Sayfalar

4 Ekim 2009 Pazar

MGNTWMN’IN PEMBE SAFSALAKLIK MÜZESİ VOL.2 (TEMMUZ SİMETRİSİ)

Sizi sevdim. Yıllardır sevdiğimi sandığım Temmuz’u aslında bu yıl sende sevebildim henüz. Ve seni bu yıl Temmuz’da sevdim.

En serin Temmuz’u oldu bu hayatımın. O kadar ki yazı bile yaşatmadı. Şimdi bu ılık Ağustos akşamında başımı boynunun kuytusunda ısıtamadığım için üşüyorum.

Uzun uzun yürüdüm İstiklal’de. Bu kadar zor mudur unutmaya çalışmak? Scanner gibi aynı anda onlarca insanın yüzünü taradım yol boyunca. Biri sen olabilirsin! Biri senin yüzün olabilir ve kalbim durabilir o anda. Her bir yüz sen çıkacakmışsın gibi yeniden ve yeniden ve hiç durmadan sıkıştırıyor kalbimi. Başımı döndürüyor tanımadığım suratlar. Dopdolu Temmuz’un ardından boş geçen Ağustos’umu biraz daha boşaltıyor her bir tanımadığım çehre.

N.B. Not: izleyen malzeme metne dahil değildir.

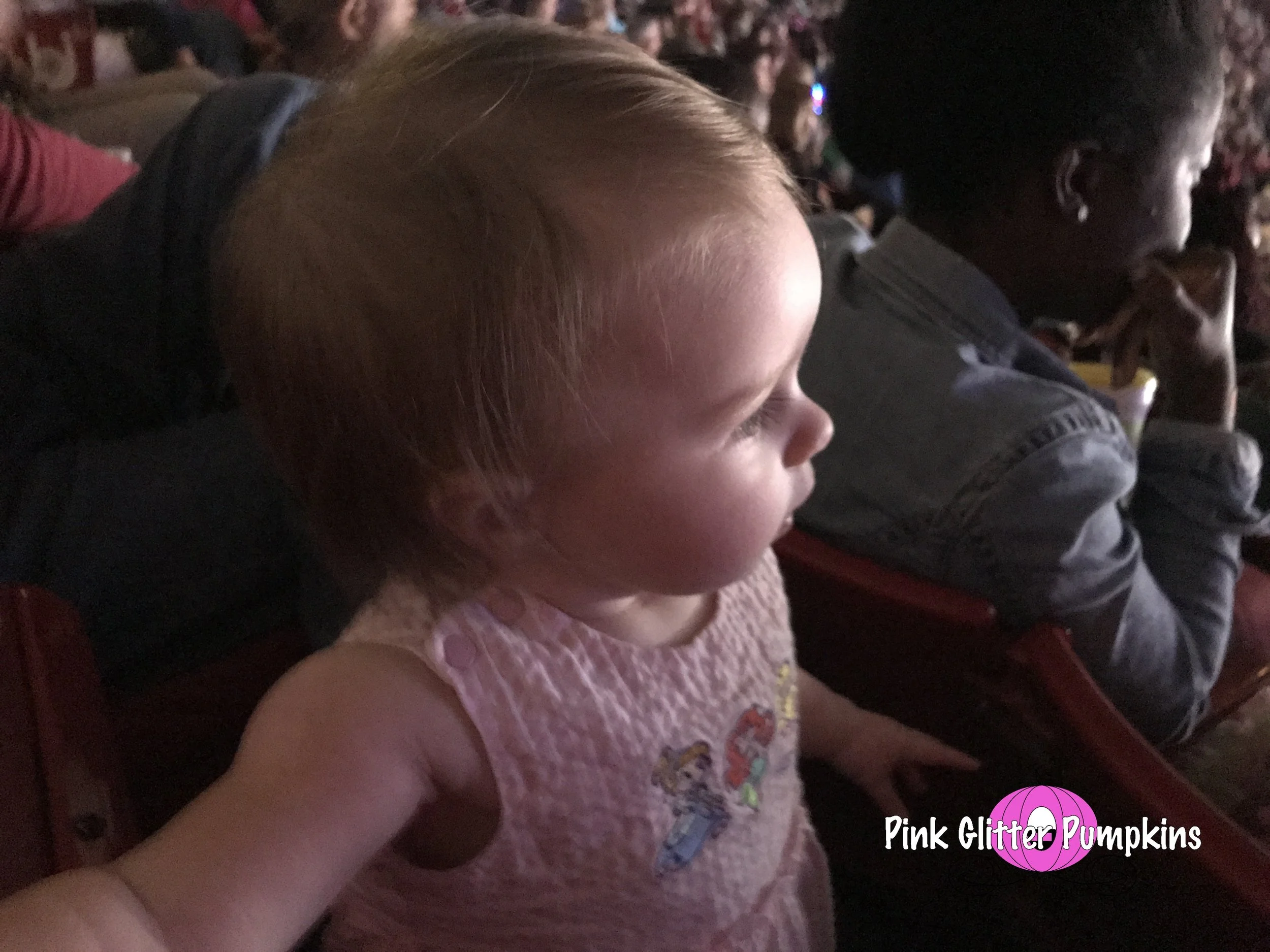 Unfortunately Melody slept the entire first half of the show. On days she takes two naps, she usually naps around 10:30-11, and the show started at 10:30. I thought for sure the loud noises would keep her awake, but nope!

Sonra yüzünün hayali.. Bir sinek gibi inadına gelip yapışıyor burnumun ucuna. Her kovduğumda bir daha geliyor. Kovmamalı mıyım yoksa kaybolması için? Daha kaç gün seyredeceğim benim için saçını arkaya tarayarak açtığın o etli alnını? Parlak gözlerini ve küçük ağzını? Daha kaç satır, kaç mısra dolduracak bendeki sana benzemeyen aksini? Daha ne kadar yabancılaştıracak beni hala senli kalbime? Kaç kadeh aslan sütünü vuracağım masaya şerefine içerken?

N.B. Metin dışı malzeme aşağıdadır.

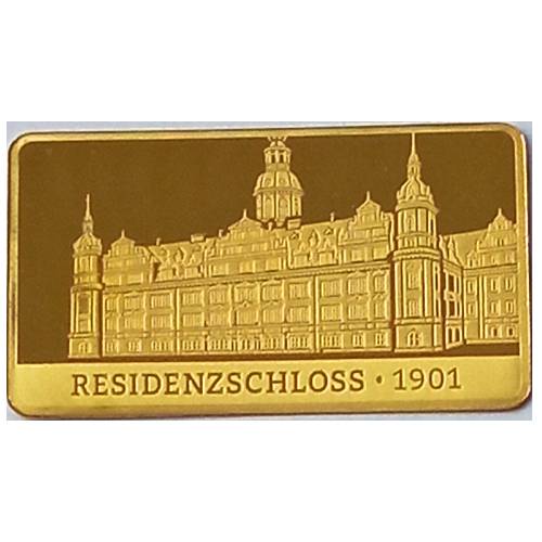 Das Goldset wird in eigens dafür hergestellter Blisterverpackung geliefert und enthält Sonderbarren 1 gramm Zwinger, Goldener Reiter, Brühlsche Terrasse, Fürstenzug, Blaues Wunder, Yenidze, Russisch Orthodoxe Kirche, Erich Kästner, Residenzschloss, Albertinum, Frauenkirche, Semperoper.

Şimdi sarhoş gönlüme uyum sağlaması için başımı da sarhoş etmeye çalışıyorum. Ruhumun ve bedenimin uyumlu hareket ettiği nadide zamanları ancak böyle yaşıyabiliyorum. Oysa elimde somut belgeler olmalıydı. Didikleyip onaylamalıydım bunları ruhumla. Önüne fırlatmalıydım. Vazgeçmeliydim Temmuz’dan ve senden. Ya da vazgeçmeyip, sımsıkı sarılmalıydım ikinize de.Neyi değiştirebilirdim ki? Akıp geçen günlerle Temmuz’u, büyüsü geçen aşkımızla seni nasılsa hergün biraz daha kaybetmeyecek miydim?

Vapurdayım şimdi. Seni de sigaramın dumanı gibi tellendirmeden içime çeksem ve bırakmasam. Hapsetsem. Kimse seni görmese ve sen de benim içimden başka birşey görmesen.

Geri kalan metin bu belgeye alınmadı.